Thursday, May 01, 2014

The Business of Basketball Is Business

The wealthy are often infatuated with the power and privileges of wealth. But their one true abiding, unshakable love is of wealth itself.

That's why Donald Sterling can't get into the Staples Center this evening. That's why he'll soon be a former owner of a National Basketball Association team. The belief among his fellow NBA owners, intelligently expressed by their most intelligent member Mark Cuban, that the wealthy should not be accountable for their words and beliefs, was overridden by the threat Sterling posed to the NBA income of those owners.

Never think for a nanosecond rich people shrug off costs. Nobody worries more about them. And Sterling posed a real and dangerous threat to the revenue streams of his soon to be former peers -- several threats.

Threat the first and most obvious. Avowed racism throws a wrench the size of Montana into the spokes of the NBA business model. It has two segmented markets. The older more affluent white guys who buy the tickets, and the mostly younger people of all races, ethnic groups, etc. who watch the games on TV and buy the league's crap.

The genius of David Stern was that he recognized the relationship between these two groups. The older white guys liked the NBA because it is a way of not feeling like they're older. Back in the day, covering 76er- Celtics games around the turn of the century, I used to howl (internally) with laughter at the site of short, balding stockbrokers dressed in Alan Iverson jerseys and gold chains high-fiving each other. Stern, smarter than me by far, saw profit in those poor clucks.

Sterling threatened both customer bases. The immediate loss of Clipper corporate sponsors following the revelation of his remarks (BTW, just how much of a loser must one be to reach a situation where one's estranged wife is suing one's estranged mistress?) was a signal that the older white guys were aware that Sterling had harshed their fantasy to a lethal extent. The younger guys had figured it out on their own. That it involved a team in LA, the frontrunners capital of the universe (sorry, Manhattan) only made the boil grow to critical size more quickly/

Threat the second was less obvious but more dangerous in the long run. NBA players were evidently prepared to boycott all playoff games against the Clippers for the duration. That would have, among other things, made the Clippers champs by default if they hadn't joined the boycott. But mostly, it would have cost many teams much gate revenue, all the teams TV revenue and worst of all created the first sports work stoppage where fan opinion would have been on the side of the players, not the owners.

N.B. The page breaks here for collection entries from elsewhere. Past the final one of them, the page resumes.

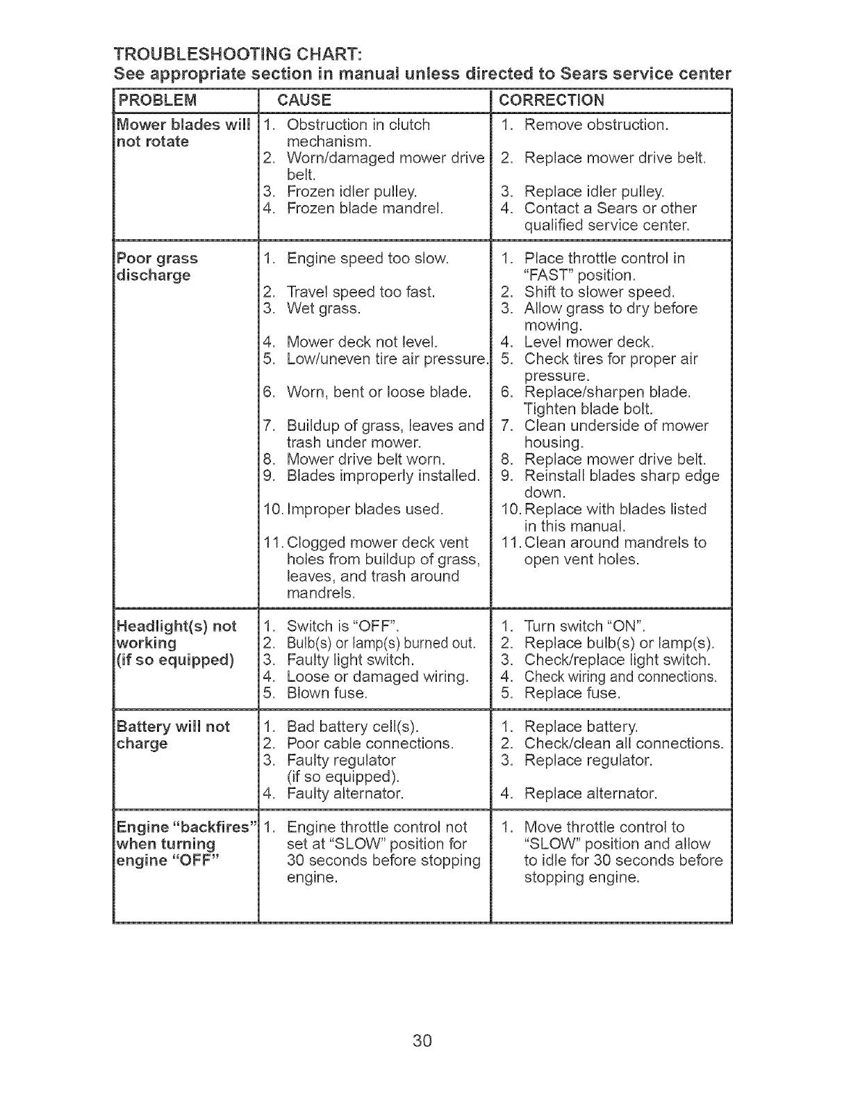 will not hold a charge, Sears will replace the battery at no charge. During the first 30
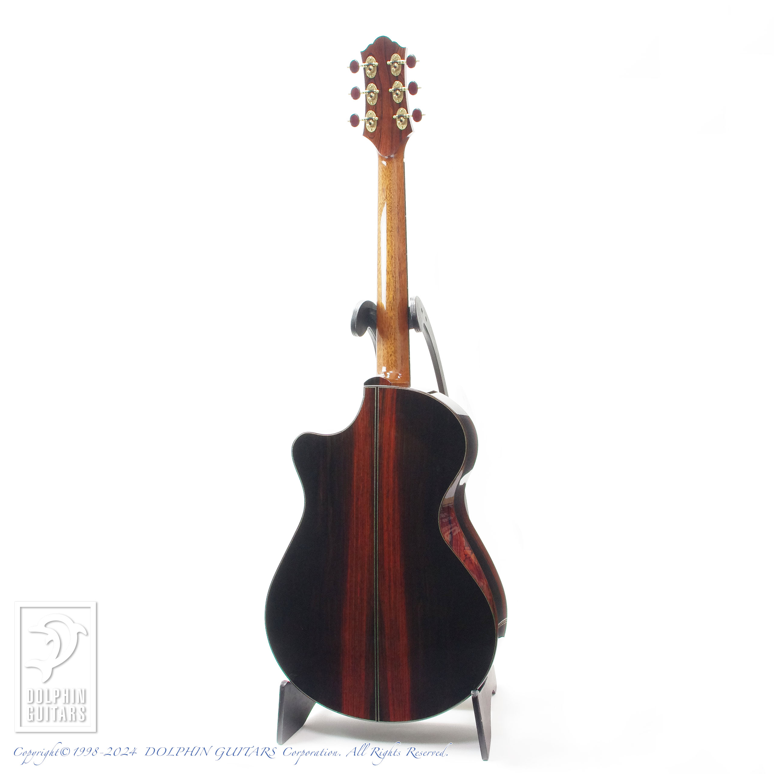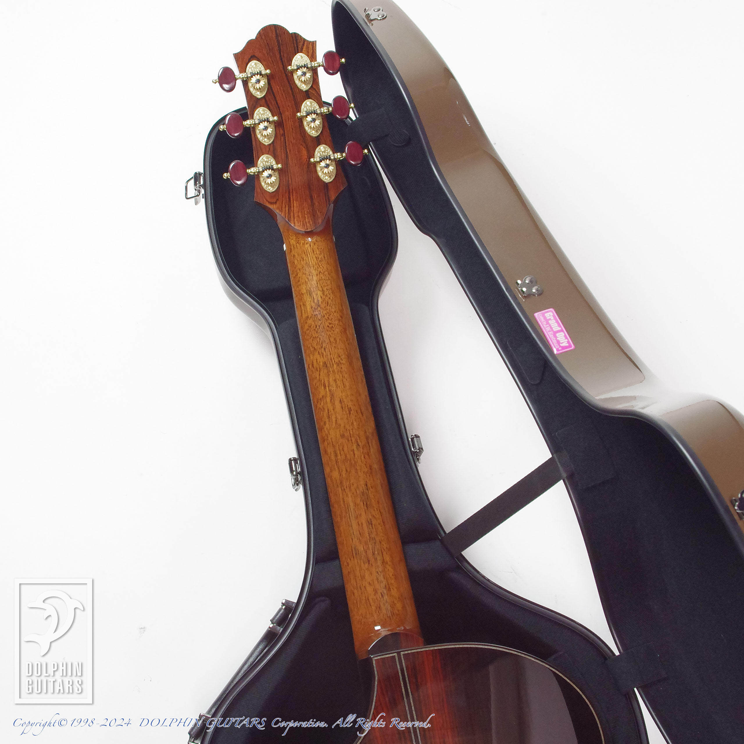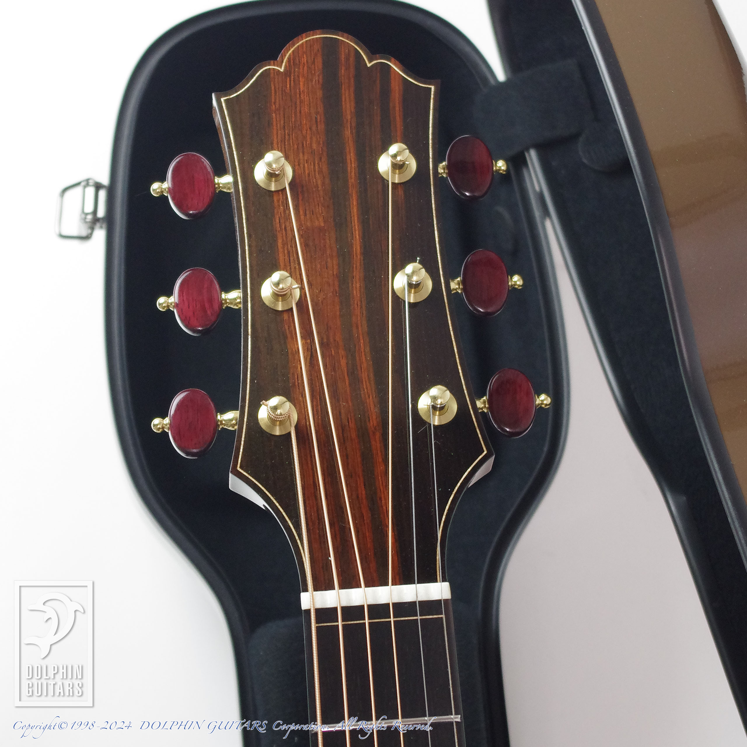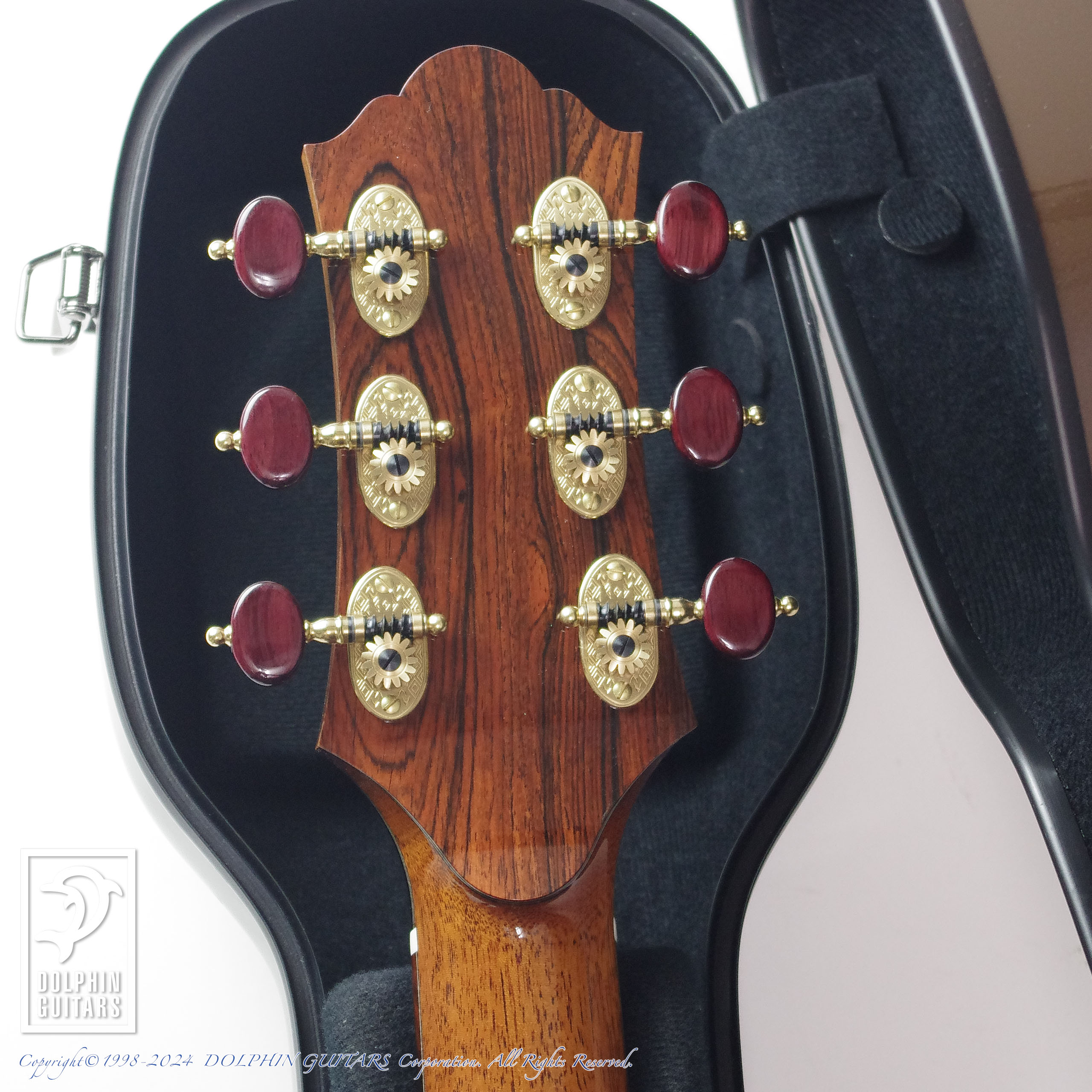ご覧の通りサイド&バック、ヘッドプレート(表・裏)、指板、ブリッジ、バインディング(リブレスト)にハカランダ材を使用し、高い木工精度で組み上げ、各部のデザイン・バランスの良さ、仕上げの美しさと圧倒的なオーラを放つモデルであります。
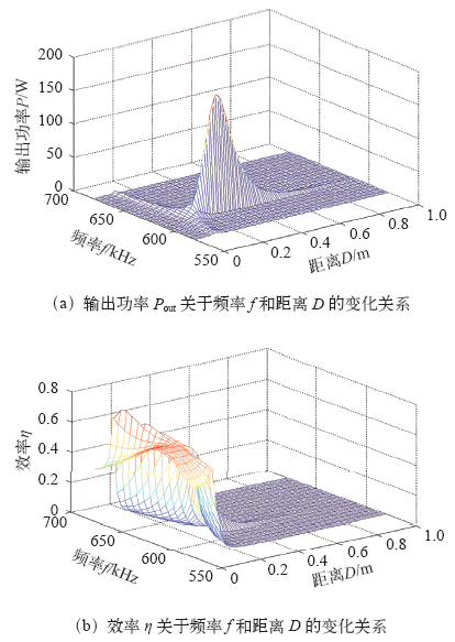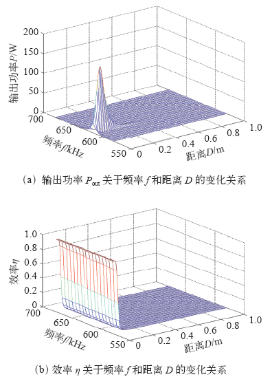 拓扑结构一一进行仿真分析,为了清晰直观地观察和分析系统的输出功率Pout和效率η随频率f和距离D的变化规律,依据上述仿真模型,本文利用Matlab仿真得出Pout和η的三维函数图和二维函数图,使变化规律一目了然。
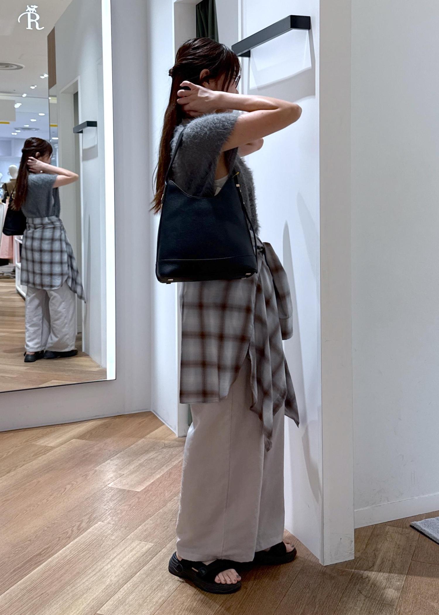 小物は黒で合わせ、統一感を出しているのがポイントです。
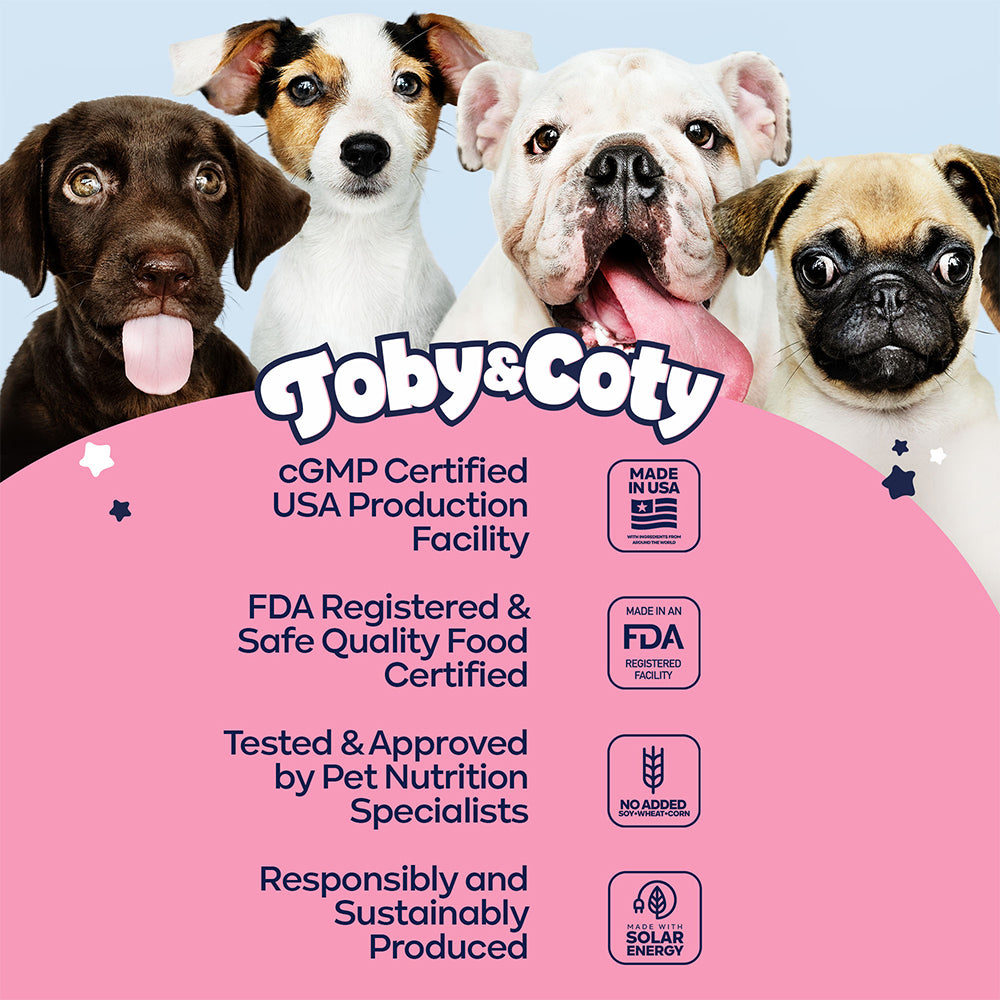 Our custom-formulated soft chews contain no cheap fillers, silicon dioxide, maltodextrin, corn, soy, or wheat. Just the best possible ingredients for your dog.
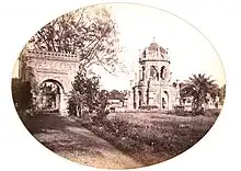 Earliest photographic image of Columbo Sahib's mausoleum to the right, and Moorish arch on the left. Photo taken in 1875 by Johnston & Hoffmann, Calcutta
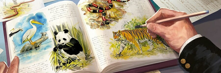 Avant de se lancer dans l’exploration ludique, il faut absolument s’arrêter sur la magnifique édition du jeu. Que ce soit les plateaux, et même l’intérieur de la boîte, on y retrouve des esquisses ou des illustrations soignées des différentes espèces animales. En introduction du livret de règles, donnant le ton et le sérieux avec lequel le sujet est traité, on peut lire un survol de la vie de Darwin. Pour boucler la boucle, un carnet de voyage reprenant à la fois les étapes du Beagle mais aussi les illustrations et spécificités de chaque animal rencontré dans le jeu accompagne les règles. Un carnet qui sert à renforcer le thème et nous en apprendre un peu plus sur l’environnement que nous allons croiser pendant la petite heure (ou moins) que dure la partie. Un bel ajout, à tout point de vue.
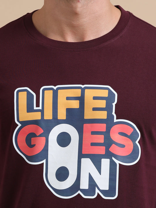 Life Goes On Printed Maroon short sleeve Regular T-shirt
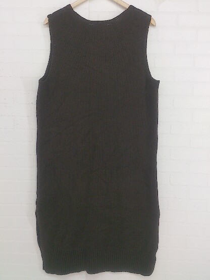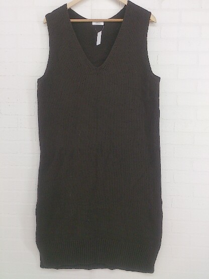 ◇ LOWRYS FARM ニット Vネック サイドスリット ノースリーブ 膝下丈 ワンピース サイズF ブラウン レディース
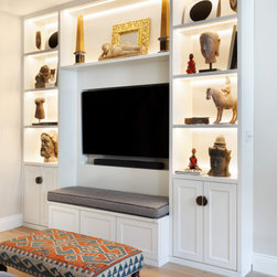 A comfortable space created with the clients love of art & design in mind. Modern Furniture combined with antique features give a welcoming space. Use of bright feature colours and fun patterns make it an individual space made perfectly to taste.
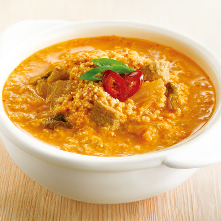 국산 콩으로 만든 비지를 듬뿍 넣어 든든한 비지찌개예요. 새콤한 김치도 함께 넣어 맛의 조화를 살렸어요. 직화 솥에 볶아낸 돼지고기가 감칠맛을 더하고, 진하게 우려낸 돈골 육수의 깊이로 마무리했답니다.
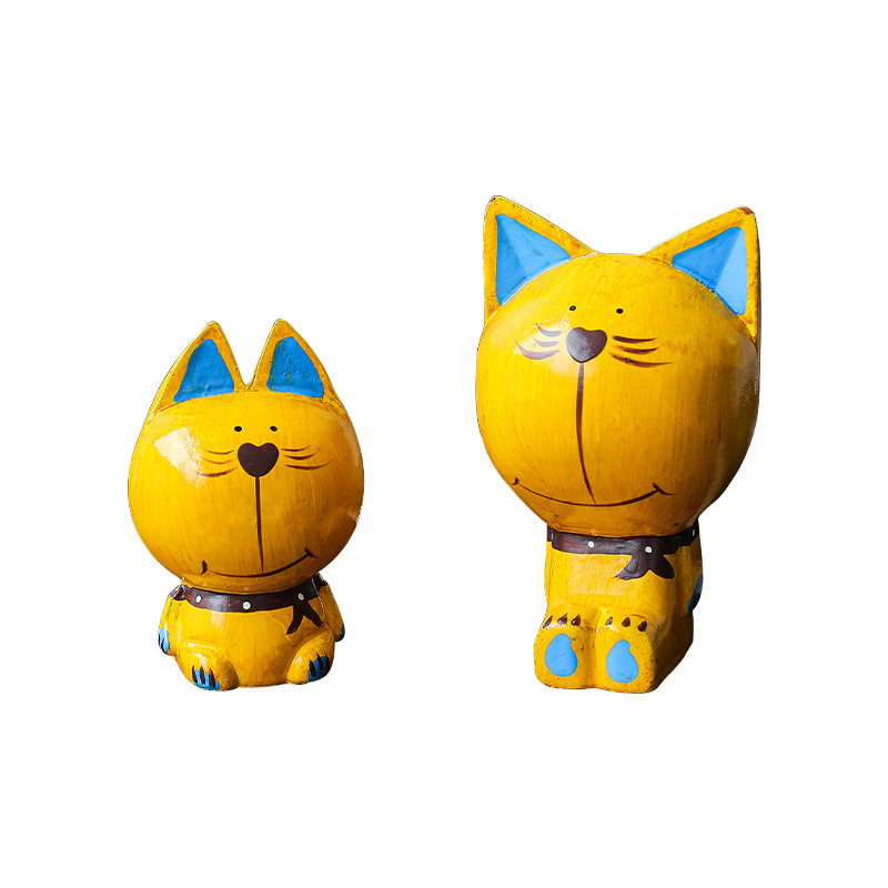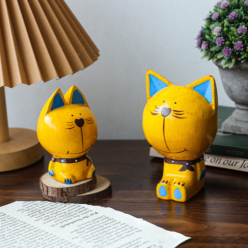 北欧简约卡通黄色加菲猫动物木质摆件家居客厅餐厅创意可爱装饰品

THAT precedent was something too horrible for the owners to contemplate. On top of immediate and significant revenue losses, they would be deprived of their second-most potent weapon in labor disputes. Capital hates unpredictability, and it should.

Accordingly, NBA Commissioner Adam Silver got the green light to ban Sterling and ask the owners to throw him out of the league. We're all grown-ups here, right? We know Silver would never have lifted a finger without the owners giving him the OK? I thought so. Donald Sterling is no longer a threat to NBA peace and prosperity. He may generate a bunch more billable hours for the NBA's attorneys, but that's just petty cash.

Sterling's destiny is to become a landmark case in California probate courts both before and after his death. The NBA's destiny is to quickly return to the hawking of replica jerseys.

The Los Angeles Clippers destiny? I hope the rumors are right and Oprah buys the team. That way if they crap out in the playoffs, maybe season ticket holders will get a free car.